LTC3626 can produce a voltage proportional to its own chip temperature

Introduction

LTC3626 Synchronous buck regulator with current and temperature monitoring function is the first device of the linear voltage regulator switcher+ product line. The device is a high-efficiency, monolithic synchronous buck type switching regulator, which can use 3.6V to 20V input voltage to provide 2.5A maximum output current (circuit shown in Figure 1). LTC3626 uses a unique, controlled conduction time/constant frequency and current mode architecture, which makes it ideal for low duty ratio applications and high-frequency operations, and can respond quickly to load transients (see Figure 2). In addition, this device also has the function of pattern setting, tracking and synchronization. The LTC3626 3mm x 4mm Package has a very low thermal impedance and can operate without an external heatsink even when the maximum power is delivered to the load.

Figure 2: Load step response of the circuit shown in Figure 1

In addition to its excellent voltage-stabilizing capability, LTC3626 's current and temperature monitoring functions are more prominent. They can provide monitoring and control capabilities with minimal additional components.

Output/input Current detection

The LTC3626 detects the output current through a synchronous switch in the conduction time of the switch, and produces a proportional current on the imonout pin (in proportion to 1/16000).

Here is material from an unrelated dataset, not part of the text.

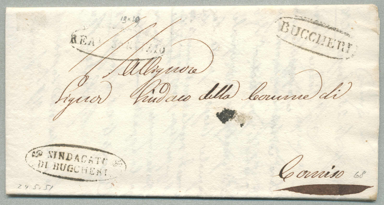 1851, with neatly strike of Buccheri, on folded letter, ex Provera, XF! Estimate 100€. (Image) (imagea)

In Fig. 3, the accuracy of the imonout output is shown by comparing the measured output of the imonout pin with the calculated value. In most of the output current range, the error is kept below 1% level.

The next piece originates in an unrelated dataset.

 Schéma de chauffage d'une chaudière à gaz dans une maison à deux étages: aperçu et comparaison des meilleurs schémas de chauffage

Similarly, by combining this same detection current signal with the duty ratio of a step-down regulator, a current proportional to the input current is generated on the Imonin pin (also in proportion to 1/16000). A greater than 5% accuracy is achieved within a wide current range (see Figure 4).

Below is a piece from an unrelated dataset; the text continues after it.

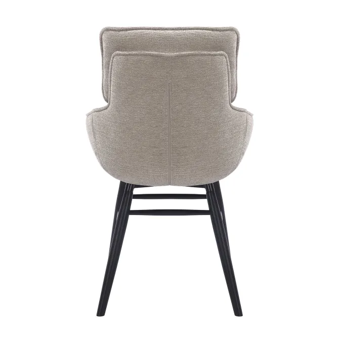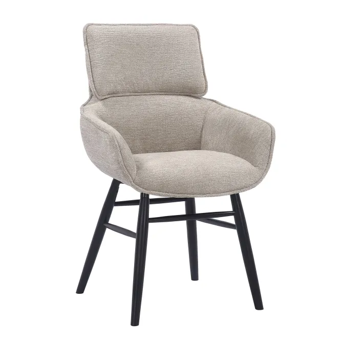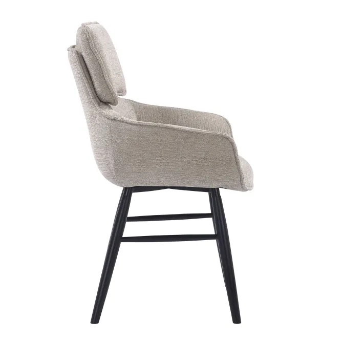 De Matera eetkamerstoel combineert stijl en comfort in een elegant ontwerp. Met een zachte, bouclé-achtige bekleding en een ergonomisch gevormde rugleuning met extra kussen, biedt deze stoel een heerlijke zitervaring. De armleuningen zorgen voor extra ondersteuning, terwijl het stevige metalen onderstel bijdraagt aan een stabiele en moderne uitstraling. Verkrijgbaar in een warme, neutrale tint die moeiteloos in diverse interieurs past.

Two current signals are connected to the 1.2V internal voltage amplifier, which can turn off the device when triggering. Therefore, the input and output current limits can be set by simply connecting a resistor to a imonin or imonout pin (as shown in Figure 1). The relationship between the current limiting value and the resistor is:

For example: A 10k resistor will set a current limit of about 2 a.

This simple scheme provides monitoring and active control of input and output current limits, which can be achieved through external control circuitry (e.g., a DAC and a small number of passive components).

Figure 3: Relationship between output current and current of output current monitor

Figure 4: Relationship between input current and current in input current monitor

Temperature test

LTC3626 can produce a voltage proportional to the temperature of its own chip, which can be used to set the maximum temperature limit. At room temperature, the voltage on the temperature monitor pin (Tmon) is usually 1.5V. If you want to compute the chip temperature TJ, you can multiply the Tmon voltage with the 200°k/v temperature monitor voltage to the temperature conversion factor and subtract the 273°c offset. In addition, the LTC3626 also has a temperature limit comparator, which is set by the temperature limit value of the pin Tset and Tmon pin for its feed signal. Thus, by applying a voltage to the tset pin, the maximum temperature limit can be set according to the following formula:

Select a 125°C maximum temperature limit equivalent to the Tset pin on the set value of about 2V, IC will be at chip temperature TJ reached the limit immediately shut off.

Conclusion

LTC3626 integrates current and temperature monitoring functions with a high-performance step-down regulator in a compact package. A microprocessor or other external control logic circuit can be monitored by an easy-to-use input and output current and a temperature monitor pin, and the device is able to turn off itself by setting a threshold voltage on the temperature setting threshold pin.